MONETARY POLICY: A branch’s contribution to the monetary policy leg of the stool comes primarily from its board of directors. The Federal Reserve Act stipulates that each Reserve bank branch be operated by a board whose members possess the same qualifications as directors of the head office. The seven directors who serve on each branch board represent the interests of agriculture, commerce, industry, labor and consumers. Current branch board members in the Eighth District hail from sectors of the economy as diverse as banking, academia, health care, manufacturing and affordable housing.

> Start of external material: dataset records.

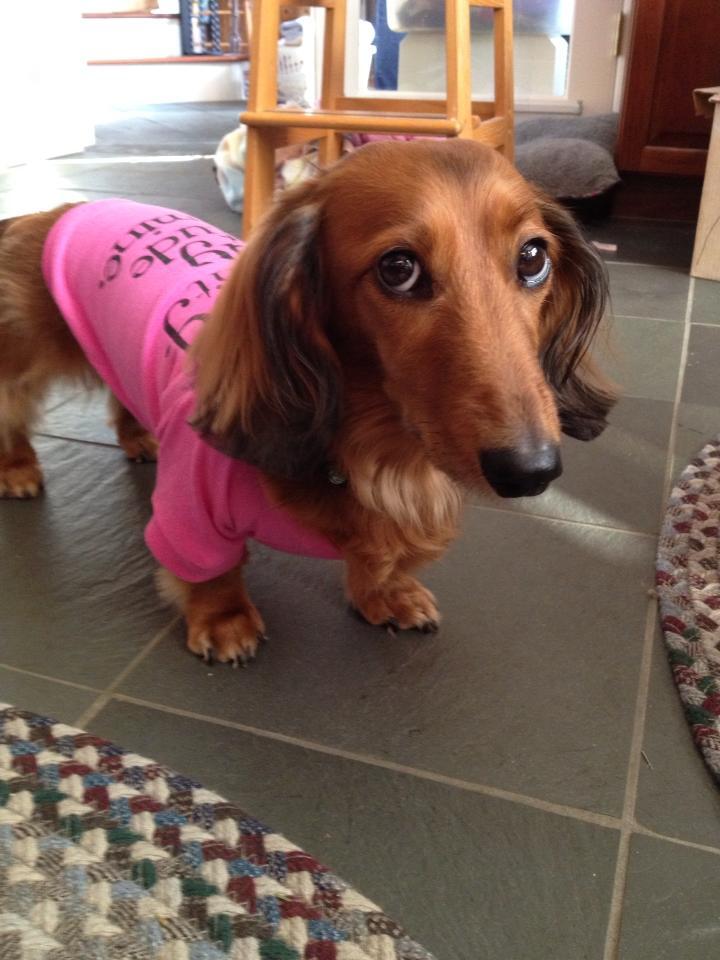 Belle's is happier in a pink t-shirt than wearing the silly cone!
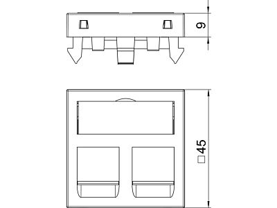 Nosič datové techniky s rovným vývodem a uzavírací krytkou k uchycení dvou modulárních zásuvek datové techniky v provedení RJ45. Upevnění naklapnutím je vhodné pro vodorovnou i svislou montáž do systémového prostředí. Typ RM má speciální modulární úchyt a je dimenzován pro nepřímé upevnění datových modulárních zásuvek v montážním otvoru.
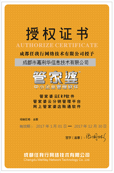 好消息:嘉利华签约《网上管家婆云ERP产品线》全国经销商
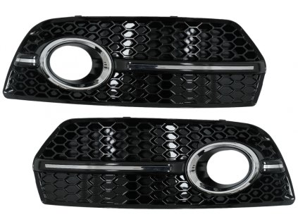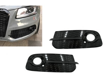 Fog Lamp Covers Side Grilles suitable for Audi Q5 SUV 8R (2008-2011) RS Design Piano Black Chrome
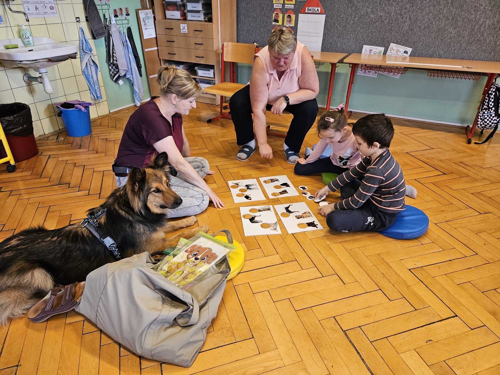 Ve čtvrtek 9. října 2025 se děti měly možnost zúčastnit krásného programu canisterapie, při kterém se seznámily s pejskem jménem Casper. Společně jsme si povídali o tom, co všechno pes potřebuje – děti přiřazovaly k pejskovi misku, vodítko a další potřebné věci. Nechyběly ani psí puzzle, při kterých děti poznávaly různé psí rasy.
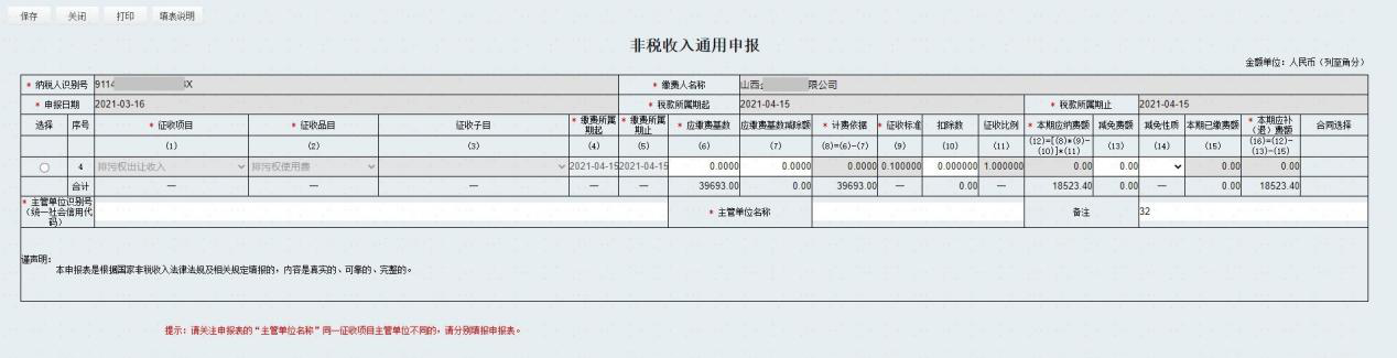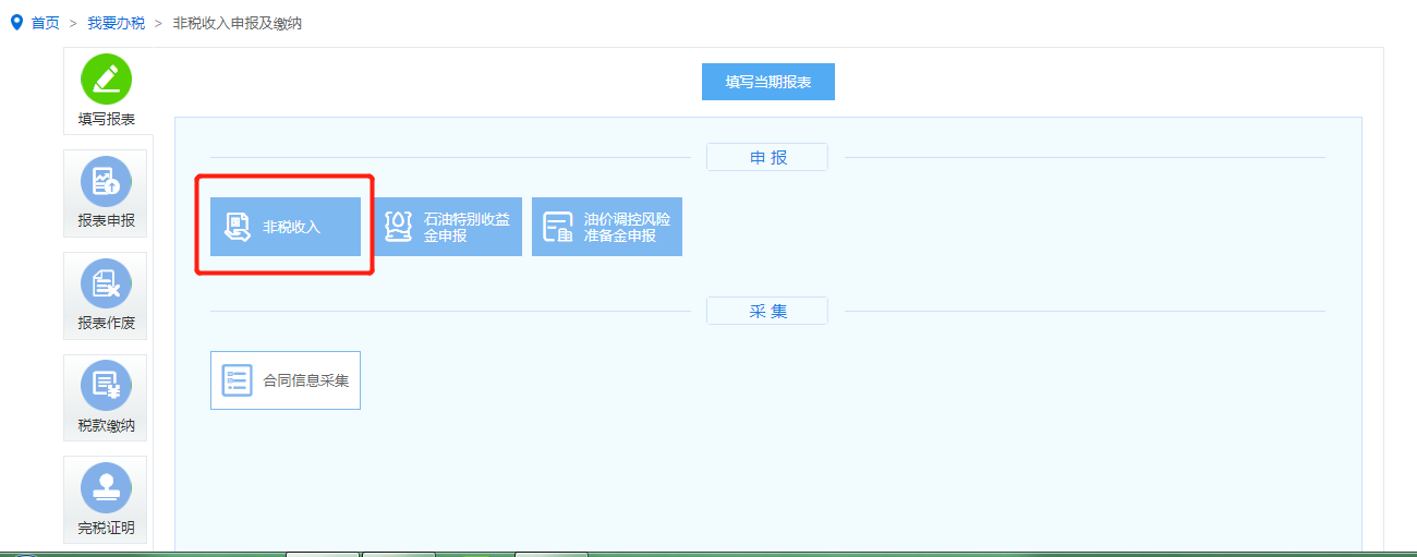 点击“非税收入”,进入申报表填写界面;
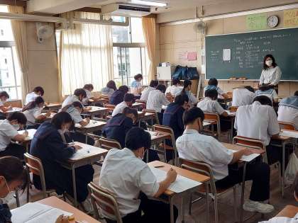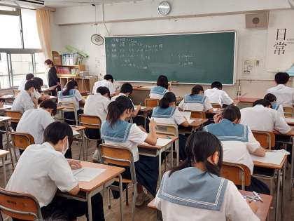 2学期中間テストも2日目を迎えました。今日は、英語と国語と実技教科の筆記試験を行いました。
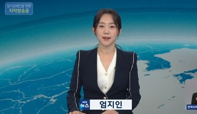 사진에는 앵커석에 앉아 뉴스를 진행 중인 엄지인의 모습이 담겼다.

Like the St. Louis board, each branch board generally meets monthly. The directors report on the latest developments in the local economy, and those reports are shared with the Bank president and Bank economists. The president then weighs this information with hard data before attending meetings of the Federal Open Market Committee (FOMC). The FOMC, which determines the target level of the federal funds rate, meets eight times a year to review economic and financial conditions, determine the appropriate stance of monetary policy and assess the risks to its long-run goals of price stability and sustainable economic growth.

St. Louis Fed President Bill Poole regards as critical the anecdotal information provided by sources like board members because it is more timely than formal data such as Gross Domestic Product (GDP) or unemployment statistics. Quantitative measurements that are released monthly or quarterly tend to lag current economic conditions.

“Anecdotal information helps us to see what is going on in the economy almost as it is happening,” Poole says. “Also, because it is collected from the people who are actually making day-to-day decisions, it helps us to understand why trends in the data are occurring.”

As an example, Poole describes the case of a branch director who in the summer of 2000 reported that loan demand at his bank was falling and that other firms in his area were beginning to experience problems. At the time, the economy seemed to be growing rapidly, and nearly all forecasts indicated that rapid growth would continue. Reports of this sort surfaced throughout the rest of 2000 and into 2001, helping the Fed to get ahead of the recession by lowering its federal funds rate target in early 2001, even though current GDP data suggested that the economy was still growing.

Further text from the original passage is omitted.